Adversarially Robust Learning Could Leverage Computational Hardness.
Proceedings of the 31st International Conference on Algorithmic Learning Theory, PMLR 117:364-385, 2020.
Over recent years, devising classification algorithms that are robust to adversarial perturbations has emerged as a challenging problem. In particular, deep neural nets (DNNs) seem to be susceptible to small imperceptible changes over test instances. However, the line of work in provable robustness, so far, has been focused on information theoretic robustness, ruling out even the existence of any adversarial examples. In this work, we study whether there is a hope to benefit from algorithmic nature of an attacker that searches for adversarial examples, and ask whether there is any learning task for which it is possible to design classifiers that are only robust against polynomial-time adversaries.
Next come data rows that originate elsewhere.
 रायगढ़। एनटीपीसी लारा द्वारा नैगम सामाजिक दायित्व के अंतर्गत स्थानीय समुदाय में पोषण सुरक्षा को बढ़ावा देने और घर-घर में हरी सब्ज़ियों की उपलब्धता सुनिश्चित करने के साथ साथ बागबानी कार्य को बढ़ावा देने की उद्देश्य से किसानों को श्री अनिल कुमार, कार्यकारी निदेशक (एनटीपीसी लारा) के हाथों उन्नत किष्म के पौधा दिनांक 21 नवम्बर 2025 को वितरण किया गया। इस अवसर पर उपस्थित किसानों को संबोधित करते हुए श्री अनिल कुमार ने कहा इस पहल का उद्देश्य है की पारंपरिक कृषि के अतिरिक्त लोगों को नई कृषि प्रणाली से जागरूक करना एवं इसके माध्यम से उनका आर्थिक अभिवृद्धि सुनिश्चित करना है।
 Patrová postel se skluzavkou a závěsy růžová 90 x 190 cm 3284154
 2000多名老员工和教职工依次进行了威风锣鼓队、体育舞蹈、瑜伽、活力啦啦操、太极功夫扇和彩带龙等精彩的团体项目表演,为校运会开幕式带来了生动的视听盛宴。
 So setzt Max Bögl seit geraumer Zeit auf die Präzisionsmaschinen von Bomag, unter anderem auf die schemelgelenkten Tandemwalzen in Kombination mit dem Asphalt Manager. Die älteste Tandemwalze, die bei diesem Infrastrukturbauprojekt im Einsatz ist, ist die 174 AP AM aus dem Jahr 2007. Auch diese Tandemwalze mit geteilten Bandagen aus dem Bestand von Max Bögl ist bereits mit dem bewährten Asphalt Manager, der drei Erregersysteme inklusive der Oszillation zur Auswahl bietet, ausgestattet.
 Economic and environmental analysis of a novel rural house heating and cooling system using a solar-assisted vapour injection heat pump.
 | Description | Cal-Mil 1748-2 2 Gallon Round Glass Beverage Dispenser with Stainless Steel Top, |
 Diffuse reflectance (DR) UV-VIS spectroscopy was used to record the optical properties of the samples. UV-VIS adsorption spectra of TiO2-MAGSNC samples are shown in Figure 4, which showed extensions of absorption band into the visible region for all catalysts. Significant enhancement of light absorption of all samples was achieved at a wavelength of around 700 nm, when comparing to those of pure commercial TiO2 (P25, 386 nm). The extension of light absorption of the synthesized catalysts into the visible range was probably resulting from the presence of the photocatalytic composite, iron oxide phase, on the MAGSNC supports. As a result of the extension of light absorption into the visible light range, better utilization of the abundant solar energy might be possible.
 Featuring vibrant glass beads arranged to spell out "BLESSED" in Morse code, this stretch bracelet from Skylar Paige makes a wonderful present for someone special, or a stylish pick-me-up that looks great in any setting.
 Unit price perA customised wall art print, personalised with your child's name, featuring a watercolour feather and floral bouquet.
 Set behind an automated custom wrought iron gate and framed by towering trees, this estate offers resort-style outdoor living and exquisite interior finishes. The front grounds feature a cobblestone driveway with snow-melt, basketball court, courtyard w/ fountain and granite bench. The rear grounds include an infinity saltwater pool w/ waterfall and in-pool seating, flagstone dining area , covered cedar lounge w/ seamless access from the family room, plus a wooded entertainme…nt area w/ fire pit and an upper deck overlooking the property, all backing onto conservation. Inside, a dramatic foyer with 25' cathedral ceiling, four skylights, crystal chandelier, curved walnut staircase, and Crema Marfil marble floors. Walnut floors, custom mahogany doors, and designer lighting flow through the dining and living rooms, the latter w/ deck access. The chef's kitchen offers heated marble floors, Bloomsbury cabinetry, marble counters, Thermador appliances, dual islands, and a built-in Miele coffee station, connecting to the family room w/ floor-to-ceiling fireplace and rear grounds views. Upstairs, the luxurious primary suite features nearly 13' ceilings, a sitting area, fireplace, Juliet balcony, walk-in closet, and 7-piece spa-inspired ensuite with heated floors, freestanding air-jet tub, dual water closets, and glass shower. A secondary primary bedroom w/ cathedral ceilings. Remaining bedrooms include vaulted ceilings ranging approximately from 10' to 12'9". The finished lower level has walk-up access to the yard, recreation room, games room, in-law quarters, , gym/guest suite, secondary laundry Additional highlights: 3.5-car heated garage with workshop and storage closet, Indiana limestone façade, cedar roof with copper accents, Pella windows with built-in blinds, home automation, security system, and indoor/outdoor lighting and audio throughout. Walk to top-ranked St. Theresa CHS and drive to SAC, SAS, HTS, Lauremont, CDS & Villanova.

Indeed, numerous cryptographic tasks (e.g. encryption of long messages) can only be secure against computationally bounded adversaries, and are indeed impossible for computationally unbounded attackers. Thus, it is natural to ask if the same strategy could help robust learning. We show that computational limitation of attackers can indeed be useful in robust learning by demonstrating the possibility of a classifier for some learning task for which computational and information theoretic adversaries of bounded perturbations have very different power. Namely, while computationally unbounded adversaries can attack successfully and find adversarial examples with small perturbation, polynomial time adversaries are unable to do so unless they can break standard cryptographic hardness assumptions. Our results, therefore, indicate that perhaps a similar approach to cryptography (relying on computational hardness) holds promise for achieving computationally robust machine learning. On the reverse directions, we also show that the existence of such learning task in which computational robustness beats information theoretic robustness requires computational hardness by implying (average-case) hardness of NP.